Московская безупречная стерва с поломанным прошлым и холодным взглядом будто бы растаяла под жарким солнцем Прованса. И болезненная, горькая страсть к этой женщине тоже изменилась, превратилась во что-то теплое и созидательное. Вит помог Наташе выкарабкаться из ямы, она подпустила его близко, как никого другого. Стыдно признаваться, но он не раз и не два думал о том, что придется сделать, если она окажется беременна его ребенком. Значит, хотел, чтобы у них появился ребенок. Надеялся, что эта женщина родит ему наследника. Не вышло, но разве это конец? Вит не собирался возвращать Наталью в ее прошлый мир, где она вынуждена будет держать удар каждую минуту, прятать улыбки и закрываться от него — своего спонсора. Где она обязательно сломается морально или физически и вернется к психотропным препаратам. То, что она балансирует на грани безумия, было понятно с самого начала.
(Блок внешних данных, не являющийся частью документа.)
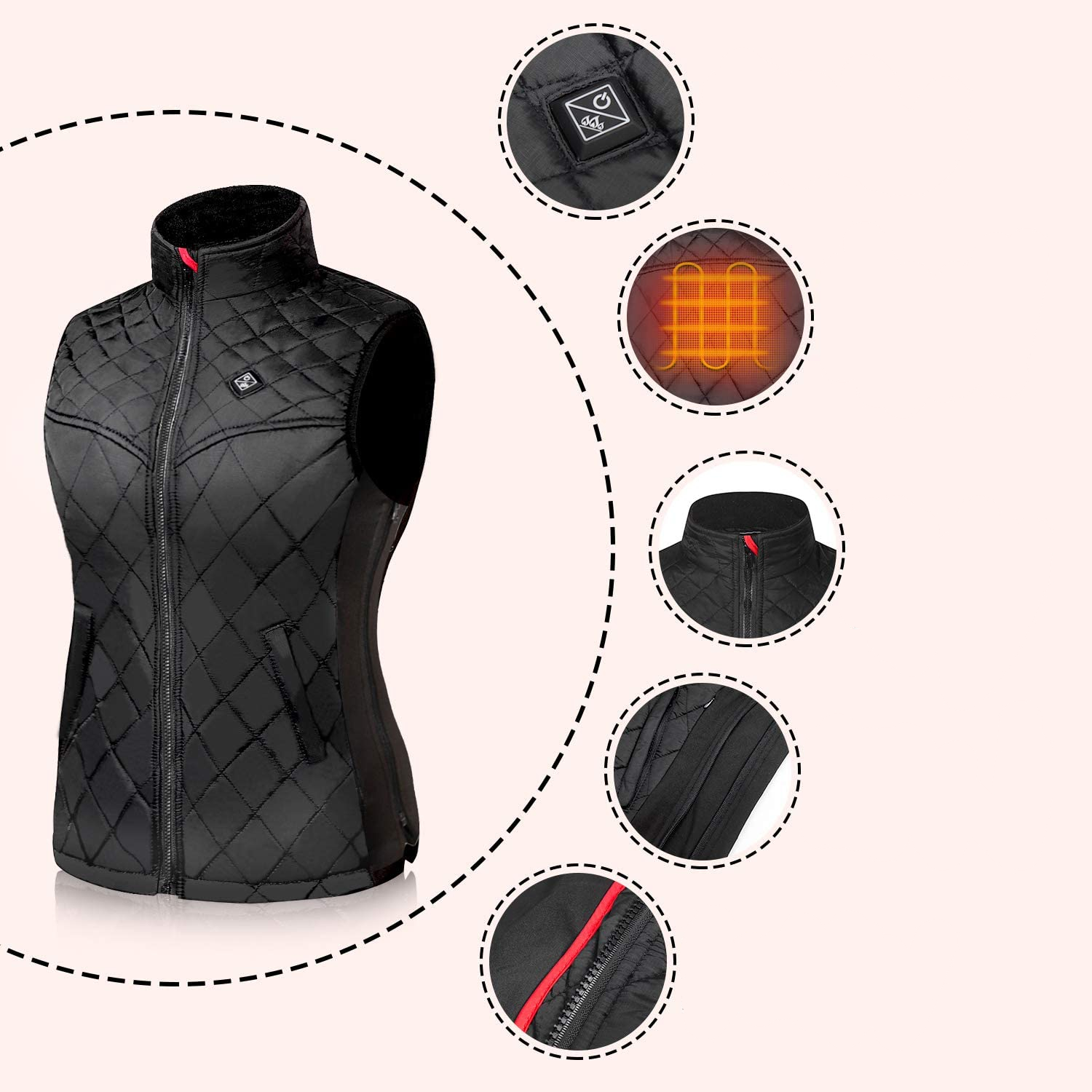 Notre blouson chauffant sans manches décontracté pour femmes est un blouson imperméable conçu pour affronter le mauvais temps. Grâce à son système de chauffage intégré, rien de plus simple que de continuer vos activités extérieures malgré les intempéries. Ce système de chauffage est alimenté par une batterie branchée en USB facilement débranchable.
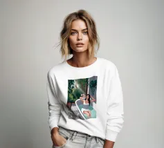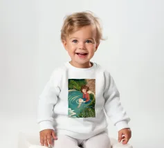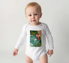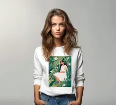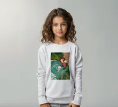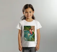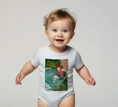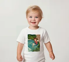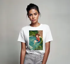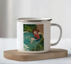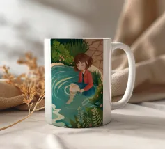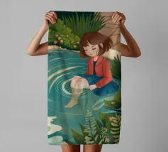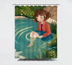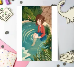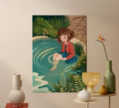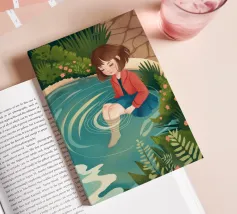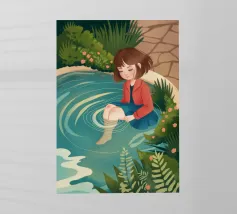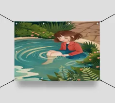 Una persona è seduta vicino a uno stagno, immergendo i piedi nell'acqua mentre legge un libro. Il verde circostante e l'acqua calma creano un ambiente tranquillo.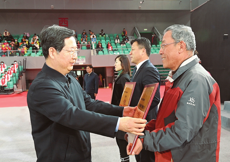 圖為省委書記、省人大常委會主任樓陽生出席山西省十大群眾文化活動閉幕式,并為獲獎團隊代表頒獎。史曉波攝
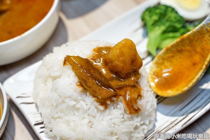 南洋咖哩是比較濃稠,加上香料吃起來是比較鹹香帶小辣的口味,淋到長米飯也非常下飯,裡面的馬鈴薯也燉煮的入味。還沒吃雞腿就讓小米扒好幾口飯了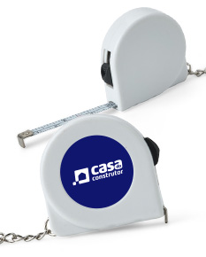 Um chaveiro plástico de trena é o item ideal para quem gosta de tudo sob medida. Sua fita de aço tem o alcance de até 2 metros e, além disso, apresenta suas medidas em pés e polegadas, o que a torna uma ferramenta versátil para fazer medições mais simples no dia a dia. Conta ainda com uma trava de segurança de fácil acionamento: basta deslizar que a fita é contida totalmente no trecho desejado, além de uma argola de metal para encaixar chaves ou conectar a outro chaveiro.

И дело даже не в наследственности, а в страхах, в том, что Наталье пришлось пережить. Хватало маленького толчка, чтобы она начинала заваливаться в пропасть, где ее поджидали демоны прошлого. Она пыталась понять, принять, смириться с пережитым… и не могла. Вит не желал оставлять ее наедине с этими страхами. Больше — нет. Если раньше его пленила ее темная загадочность, жесткость, поломанность, то теперь он увидел другую ее половину. Оказывается, черствая Наталья Павленюк легко и с благодарностью отзывалась на тепло. Которого ей, увы, никто не предлагал.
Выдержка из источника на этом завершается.